Nandirhat Zamindar Bari (also knowned as House of Satya Saha) was a Zamindar residence of Laksmicaran Saha. It is located at Nandirhut, Hathazari. Composer and Musician Satya Saha was born in this house.

History 
This Zamindar House was built in 1890 by Shree Laksmicaran Saha. Later in 1920, the three brothers, Laksmicaran Saha, Madol Saha and Nishikanta Saha, started Zamidari. Their Zamidari area were Hathazari, Nazirhat, Dhalai, Gumarmardan, Jobra, Alipur, Fatehabad. They have 12 children. In 1950, Zamidari rule was suspended. The last Zamindar of this house was Prasanna Saha. In that time, Zamindar Prasanna Saha has two Horse-drawn carriages. There were around 50 servants. Each day, cooking was done for 200 to 300 people at a time. Now the house is looked after by Nani Gopal Saha and Swapon Kumar Saha.

Structure 

This house built on 5 acre land. There is various types of designs in the walls.
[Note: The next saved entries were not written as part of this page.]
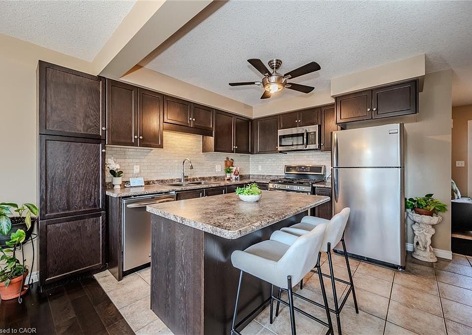 Immaculate 3-bedroom, 4-bathroom townhome in Guelph's sought-after South End! Step inside from the covered porch into a spacious foyer with a double coat closet. The open-concept main level features a stylish kitchen with stainless steel appliances, a chic backsplash, and a central island with breakfast bar, perfect for everyday meals and entertaining. The living and dining area flows seamlessly to a private deck, ideal for summer BBQs. A convenient powder room completes the main floor.Upstairs, the primary suite offers a walk-in closet and its own private ensuite. Two additional bedrooms share a well-appointed 4-piece bathroom. The professionally finished basement adds valuable living space with wide plank flooring, pot lights, an egress window, and a third full bathroom, ideal as a rec room, home office, gym, or even a fourth bedroom.Located just steps from public transit, Arkell Crossing, and Starkey Hills scenic trails, with quick access to the University and the 401, this home is a fantastic option for professionals, families, or investors alike.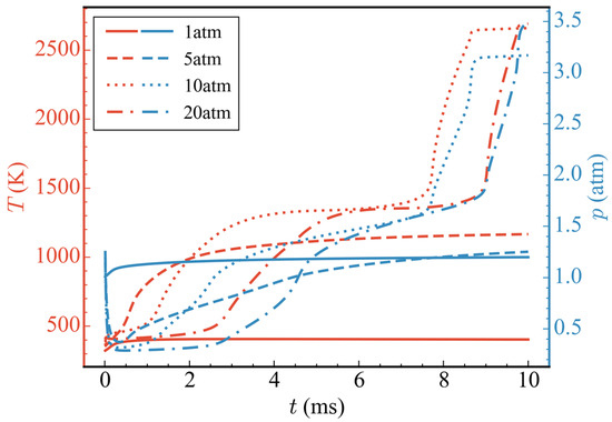 Figure 9 shows the temporal evolution of the total mass of ADN and CH3OH at different initial pressures. With the increase in initial pressure, the initial total mass of ADN and CH3OH also increased accordingly. Although high pressure was conducive to the reaction near t = 0, the rapid release of high initial pressure created a low-pressure environment in the nozzle, which would slow down the reaction rate after the low-pressure environment was generated. Therefore, the consumption rate of ADN and CH3OH did not increase proportionally with the increase in initial pressure. When the initial pressure was 1 atm, the time for ADN to decompose completely was 0.5 ms; when the initial pressure was 5 atm, the time for ADN to decompose completely was 4.5 ms; and when the initial pressure was 10 atm, the time for ADN to decompose completely was 2.5 ms, which was nearly twice as fast as 5 atm. At an initial pressure of 20 atm, the time for ADN to decompose completely was similar to that at 5 atm. Among the four cases mentioned above, only when the initial pressure was 10 atm or 20 atm, CH3OH was completely consumed, while at 5 atm, it was partially consumed. Based on the changes in average temperature at different initial pressures mentioned earlier, it can be speculated that CH3OH did not undergo a drastic oxidation reaction due to insufficient temperatures or reaction times.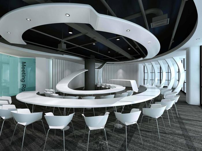2、會(huì)議桌:會(huì)議桌布置采用排式較好。辦公室裝修會(huì)議室同時(shí),為減少面部陰影,會(huì)議桌建議采用淺色桌面或桌布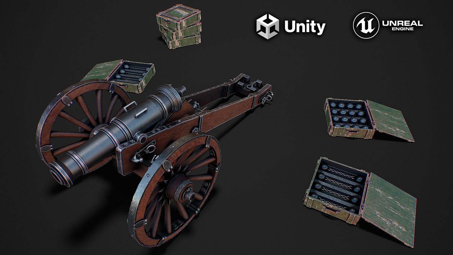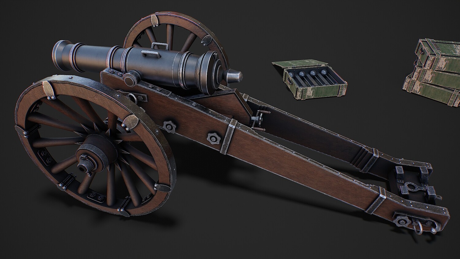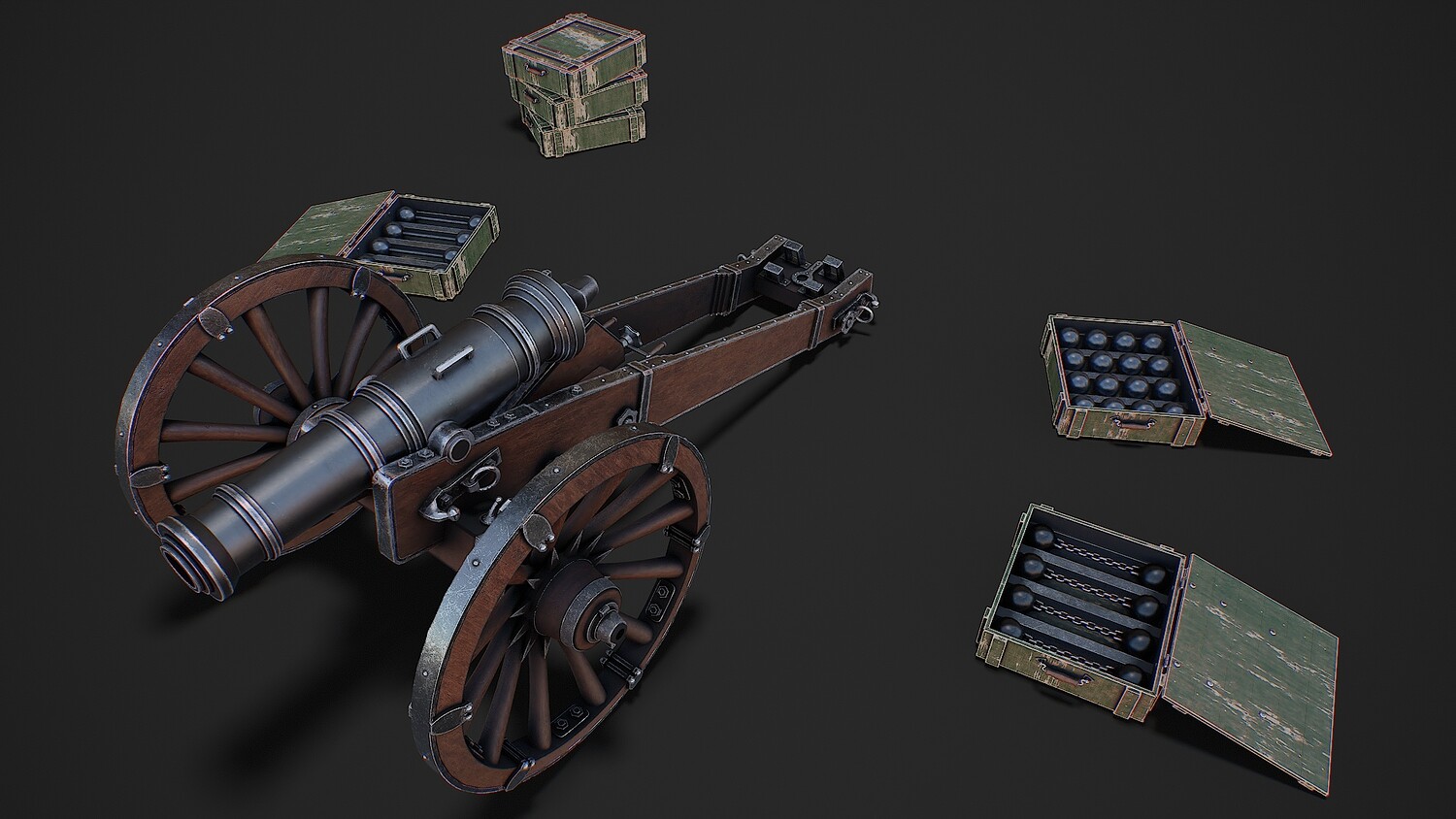 Preview on Sketchfab https://sketchfab.com/3d-models/cannon-with-boxes-game-ready-3d-model-f2865b564c984a6a82152890e9cedc28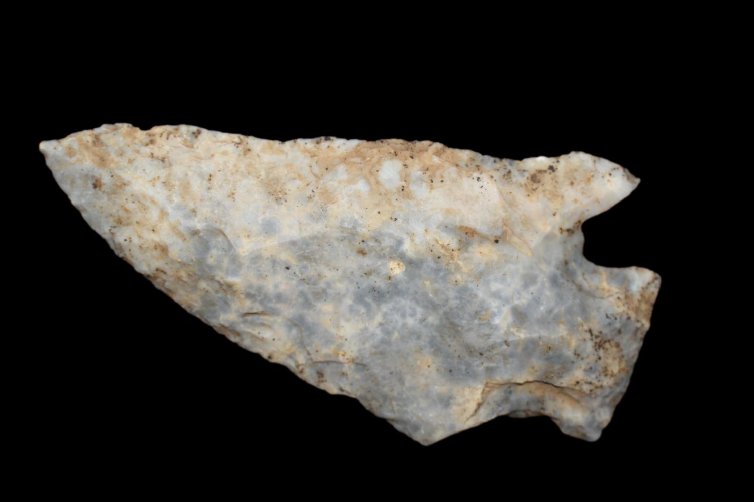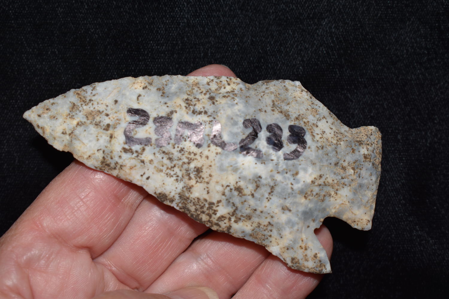 3 3/4″ Mozarkite Etley, found in Miller County Missouri on the Miller Site (23ML233) by Alan D. Miller. Authentic Native American Arrowhead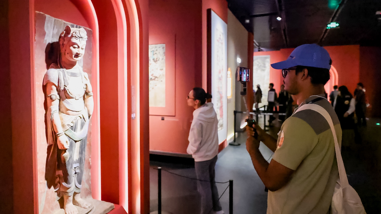 An international visitor captures the beauty of a statue at the “Dunhuang Splendors: Culture and Art Exhibition of Mogao Grottoes” at Nanshan Museum.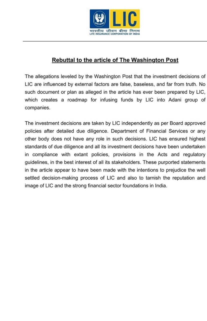 वाशिंगटन पोस्ट के तरफ से लगाए गए आरोप कि एलआईसी के निवेश निर्णय बाहरी कारकों से प्रभावित होते हैं, झूठे, निराधार और सत्य से कोसों दूर हैं। लेख में उल्लिखित ऐसा कोई दस्तावेज़ या योजना एलआईसी के तरफ से कभी तैयार नहीं की गई है, जो अदानी समूह की कंपनियों में एलआईसी के तरफ से धन निवेश करने का रोडमैप तैयार करे।

Without any rod, this house was built with rock and brick. Two tombs are standing on the rooftop.

Other installations 
There are warehouses, rice paddies, kitchens, Sesta houses, crafts in the middle of the house, big temples, three big ponds, equal houses and ghats at the back, barn houses, horse stables in the house.

Media appearances 
1975 film named "Asikkhito" was filmed in this house. Producer of this film was Satya Saha. He finished filming the film in 18 days.